Superado o trauma com o fim da parceria com a americana Boeing, a Embraer busca alternativas para seguir seu plano de voo. O principal pilar dessa reparação é um contrato de financiamento de até US$ 600 milhões (cerca de R$ 3,1 bilhões), anunciado na segunda-feira (15), com prazo de pagamento de até quatro anos, para atender à demanda de jatos executivos e comerciais nos próximos meses. Metade será disponibilizada pelo Banco Nacional de Desenvolvimento Econômico e Social (BNDES) e a outra parte por um consórcio de bancos privados e públicos. O empréstimo é o primeiro passo para socorrer a Embraer, impactada tanto pela pandemia quanto pelo rompimento da parceria com a Boeing, em abril. A empresa americana alegou falta de cumprimento do acordo para o distrato unilateral com os brasileiros, que, em resposta, apontaram a grave crise financeira da ex-parceira como razão para o desfecho. A companhia brasileira iniciou processo de arbitragem nos Estados Unidos para reaver parte dos quase R$ 500 milhões investidos em 2019 para a separação da área comercial da joint-venture, além dos R$ 97 milhões apenas neste ano na finalização do processo. O processo de reestruturação da Embraer começou com a reintegração da área de aviação comercial, agora sob a presidência do holandês Arjan Meijer. “Arjan tem energia, experiência internacional e competência necessárias para liderar a unidade de negócio neste momento único”, diz o presidente e CEO da Embraer, Francisco Gomes Neto.

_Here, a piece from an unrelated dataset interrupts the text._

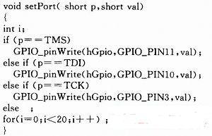 在本文设计的导航计算机系统中,DSP的工作主频为200 MHz,利用TI公司提供的库函数,由该DSP的GPIO口模拟的时钟频率最大不超过3 MHz,可以满足表中TCKMIN参数对应的最大10 MHz的要求。对于建立和保持时间等参数要求,可通过软件延时或定时器实现。由于在本系统的应用中,DSP在上电期间专注于CPLD的软件更新,所以本文将采用软件延时来实现这些参数要求,设计的JTAG口信号电平驱动函数模块代码如下:

A redução de até 90% no tráfego de passageiros não afetou, até aqui, as encomendas de clientes. Segundo a companhia, o que houve foi o adiamento na entrega de aeronaves. O balanço do primeiro trimestre mostra R$ 16 bilhões em pedidos para os próximos meses. Além disso, a empresa precisa lidar com o fato de ter perdido o grau de investimento, de acordo com avaliação da Standard & Poor’s (S&P), que cortou o rating de BBB- para BB+, na segunda-feira (16). Segundo a agência de classificação de risco, a companhia deve registrar queda de cerca de 50% em suas entregas de jatos comerciais neste ano, o que levará a uma lucratividade “significativamente mais fraca” e a uma “queima de caixa” de aproximadamente US$ 800 milhões (R$ 4,1 bilhões), por causa dos efeitos da Covid-19.

Para Thiago Carvalho, advogado especialista em direito aeronáutico e integrante da Comissão de Direito Aeronáutico da OAB no Rio de Janeiro, o financiamento junto ao BNDES e bancos privados e públicos traz fôlego à Embraer para se replanejar, cortar custos fixos e, talvez, buscar outra parceria. Apesar de a empresa nacional não estar em situação financeira delicada como as demais aéreas, ele vê um cenário mundial desafiador. “Projeta-se uma queda de 22% na expectativa de receitas em 2020 e de outros 22% em 2021”, diz Carvalho. “Além disso, a Embraer terá de competir com a Airbus no mercado de jatos comerciais narrow-body (fuselagem estreita).” É hora de mostrar frieza e habilidade ao manche.